Frost/Nixon” tells the story around the interview by Frost of the thirty-seventh president, a highly complex, corrupt, insecure, arrogant, crooked, and smart politician that, with the Watergate scandal, has scarred the psyche of this country so deeply that more than thirty years later all those old enough to remember are stunned into disbelief whenever it is evoked. As played by Frank Langella, who physically shares jowls if nothing else with Nixon portrays to an uncanny degree the doubt, the intermittent self-flagellation, the arrogance. Langella gives us a sense of the man in a more layered and complete portrayal than any so far including Robert Altman’s 1984 “Secret Honor.”
With the Nixon interview, David Frost, in 1974 a minor British talk show host known mainly in Australia, realized the biggest coup of his career. From there, this flighty, superficial, overly ambitious playboy, went on to accolades for his ‘no-holds-barred’ interviews (as Nixon puts it) all the way to knighthood. Michael Sheen who as Tony Blair in The Queen showed us his ability to slip into historical characters’ skin and inhabit them completely here is wily, crushed one minute, up and cocky the next. At first, he doesn’t think through the project, only of the impact on audiences and the enormous boost his career would get from an interview with the discredited president. He doesn’t realize what he’s in for, the amount of preparation, both actual and psychological he needs to talk in depth to Nixon who turns out to be a formidable opponent.
This is not your friendly fireplace chat and Frost early on realizes that Nixon will run circles around him if he doesn’t react. Sports analogies come to mind as the two men spar, cheered on and encouraged each by their own teams. One scene, an interruption while the tapes are being changed, with each man having his trainer whisper in his ear, could have been lifted right out of “Rocky.” At last, Frost, the underdog, suddenly takes over and carries the game to a glorious victory.

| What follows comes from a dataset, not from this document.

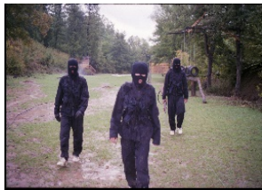
Arkivi I Kosovës/ Kosova 1999/ Foto nga Paul Refsdal_ Gazetar Norvegjez

- Po hyni në fshatin Çubrel! - vazhdoi zëri i ushtarit tonë. Nja 200 metra prej këtej kthehuni në të djathtë. Atje ju presin njerëzit tanë. Do t'a kaloni natën në shtëpitë që gjenden aty!

Still, the president is defeated not by a worthy opponent but by the glimpse he has to take into his own soul. The huge close-ups, common nowadays, give us every deer-in-the-headlight blink, every tremor of lips. In laying down his heavy burden of denial, Nixon is relieved as well as finished. The two hours of “Frost/Nixon” pass in a flash but leave us once again with the sadness at the heavy price in loss of innocence we all paid as a result of Watergate.